Карл работал грузчиком на кондитерской фабрике «Лайма», что значит «счастье». В оригинале это — скорее, латышская Фортуна, языческая богиня везения, удачи, отнюдь не всегда заслуженной, но обязательно лакомой. В центре города стояли часы с надписью «Лайма», где встречались влюбленные. Старушки там продавали букеты, власти построили сортир. От прежнего времени осталось открытое кафе, которое все называли «Птичник». Там подавали «Крем-шните», самое вкусное пирожное к востоку от Бреста. Но Карл крал конфеты, знаменитый «Прозит», считавшийся лучшей (после Рижского же бальзама) взяткой гостиничному администратору любого города СССР. В узкой коробке лежало восемь шоколадных бутылочек с экзотическими напитками — ромом, шартрезом, банановым ликером. Получался жуткий ерш, который валил с ног рабочих, тем более что они потребляли «Прозит» без закуски — не дождавшись, пока сахарные бутылочки покроет черный шоколад.
С появлением Карла в доме началась сладкая жизнь: взрослые выпивали конфеты, я съедал тару. Идиллию прервала ревность. Наевшись «Прозита», Карл закатывал Сильве скандалы, считая, что она сошлась с оккупантами, включая бабушку.
Следующую соседку всегда звали Ольгой Всеволодовной.
— Как что, так сразу милиция, — представляясь, сказала она и не обманула, ибо каждое воскресенье у нас начиналось праздником, а кончалось участковым.
Привыкнув, он приходил без зова и редко уходил, не выпив рюмки. Это так раздражало Ольгу Всеволодовну, что она пригласила нас на товарищеский суд. Виновные пришли в орденах и медалях — кто за войну, но больше — за труд. Профессора и ученые, инженеры и врачи, друзья моих родителей представляли городскую интеллигенцию, выпивали пол-литра на завтрак и могли сплясать на столе. Решив, что правда — посередине, товарищи настояли на статус-кво, и Ольга Всеволодовна перестала с нами разговаривать.
Между тем пришла зима, и она купила шубу, в которой боялась выходить на улицу, чтобы не сняли. Настрадавшись в одиночестве, Ольга Всеволодовна знаками зазывала к себе бабушку и ходила в шубе от стола к комоду. К нам она не подобрела, но стала задумываться.

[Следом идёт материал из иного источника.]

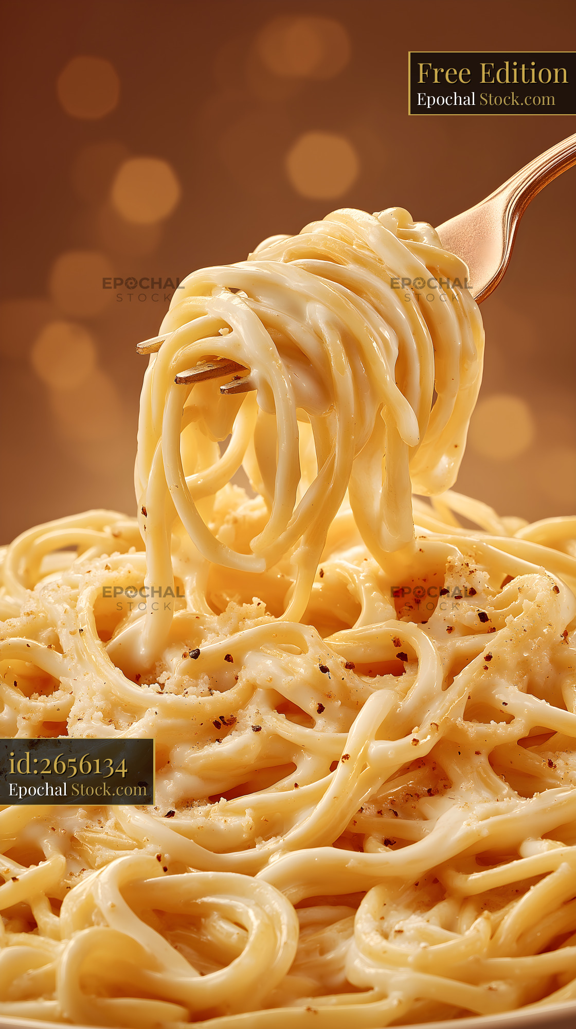 Pasta twirling on a fork with creamy sauce in a warm setting Free Premium Stock Photo

— Раньше я считала, — рассуждала Ольга Всеволодовна вслух на кухне, — что евреи водку не пьют, теперь я в этом убедилась: они ее хлещут.
Новая соседка не видела в этом проблемы. Клара Бачан весила 150 кило и коротала жизнь на кухне до тех пор, пока не садилась на диету, во время которой она, намучившись днем, ела ночью. Хуже, что из-за своего рамадана Клара засыпала там, где садилась, например — на унитазе в нашей единственной уборной. Отправляясь на работу, она присаживалась у входной двери, натягивала сапоги и не просыпалась уже до вечера. Я огибал ее круглую фигуру, когда приходил из школы, предупреждая друзей, чтобы не пугались, потому что в темном коридоре она напоминала идола Стерегущего из книги «Копи царя Соломона», перечитывая которую я всегда вспоминаю соседку.